Bonus Basis - Continued • In a single industry firm with highly interdependent BU’s bonuses are tied to corporate performance because cooperation between units is very critical. • In conglomerates, BU’s are autonomous, therefore, it would be not productive to base managers’ bonuses on company profits, which would weaken the link between performance and rewards.
Bonus Basis - Continued • Free-Rider problems would be created by the previous situation. Some managers might relax and still get bonuses based on the efforts of other hard working managers. • In diversified firms it might be good to base part of BU managers’ bonuses on unit profits and part on company profits.
Performance Criteria • Financial Criteria could include contribution margin, BU profit, controllable BU profit, income before taxes, and net income. • In investment centers, decisions need to be made in three areas: • Definition of Profit • Definition of Investment • Choice between Return on Investment and EVA
Performance Criteria - Continued • Adjustments for Uncontrollable Factors fall into two categories: • Remove expenses that result from decisions made by executives above the business unit level. • Eliminate the losses caused by natural disasters like floods hurricanes, etc.

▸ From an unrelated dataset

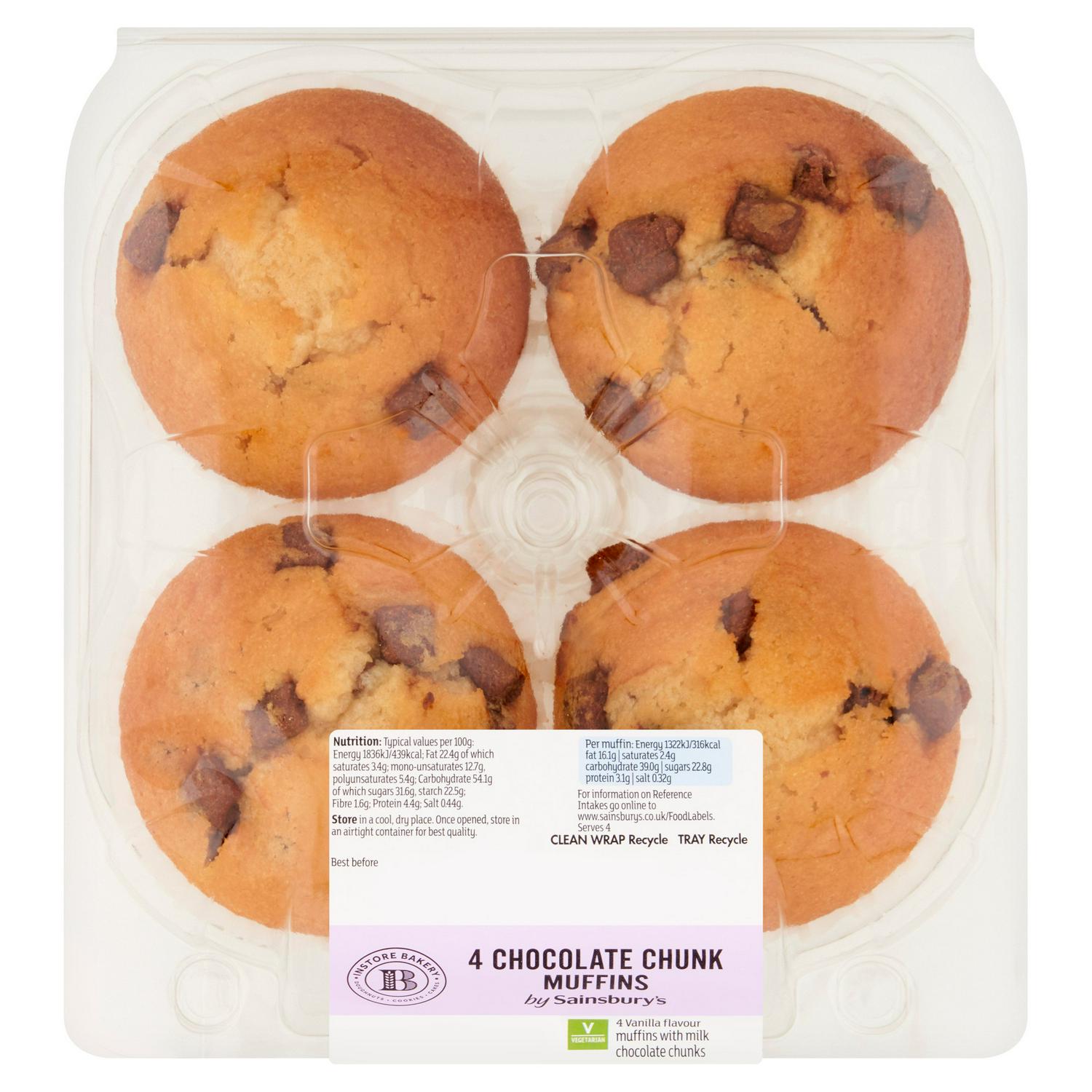 These Sainsbury's Instore Bakery treats feature four vanilla-flavoured muffins generously studded with milk chocolate chunks. Baked fresh for quality, these convenient baked goods offer a comforting taste experience ready for consumption. They are presented in a practical four-pack ideal for immediate sharing or personal enjoyment.

Benefits & Shortcomings of Short-Term Financial Targets • Relying only on financial criteria can create: • Short-term actions that are not in the company’s long-term interests (equipment maintenance). • Managers might forgo long-term investments to maximize short-term results. • Managers might manipulate accounting information to meet current period targets.
Mechanisms to Overcome Short-Term Biases • A company can supplement financial criteria with additional incentive mechanisms may overcome short-term goals ( Bonus spread on multiyear performance). • There are some disadvantages: • Managers have trouble seeing the link between efforts and rewards. • If managers retire or transfer accounting id very difficult.
Mechanisms to Overcome Short-Term Biases • There are factors beyond managers’ control that will achieve long-range targets. • Another method to correct the inefficiencies of financial criteria is to develop a scorecard. • It good model may contain: • Sales Growth • Market Share • Customer Satisfaction
Bench Marks for Comparison • A business unit manager’s performance can be appraised by comparing actual results to the budget. • The following considerations need to be used when using the budget as the basis: • BU manager must be a part of the plan’s development. • The budget is attainable and challenging.
Bonus Determination Approach • Wards can be based on s strict formula - % of BU profits, by purely subjective assessment by ones superior, or by a combination of the two. • Relying on objective formulas has it benefits: • Little ambiguity about performance standards. • Superiors cannot exercise biases in assessing subordinates.
Bonus Determination Approach - Continued • A major disadvantage is that objective formulas are likely to induce managers to pay less attention to the performance of their business unit along dimensions that are critical but hard to quantify. • Sometimes numerical indicators are not a good tools to measure performance such as: • BU manager inherits predecessor’s problems. • BU is interdependent with outsiders. • Strategy causes a heavy emphases on long-term.
Agency Theory • Agency theory controls how incentives and contracts can be written to motivate individuals to attain goal congruence for legal entities. • The Key Concepts of Agency Theory revolve around principals and agents that have divergent preferences and objectives. • Incentive contracts are tools to reduce these problem areas.
Some Problems With Agency • Principals own the company and hire agents to execute its charter as a business entity. • Agents are concerned about work aversion - principals not working hard or enjoying leisure time or deliberately withholding effort called shirking. • Since managers cannot diversify risk awaythey are risk adverse.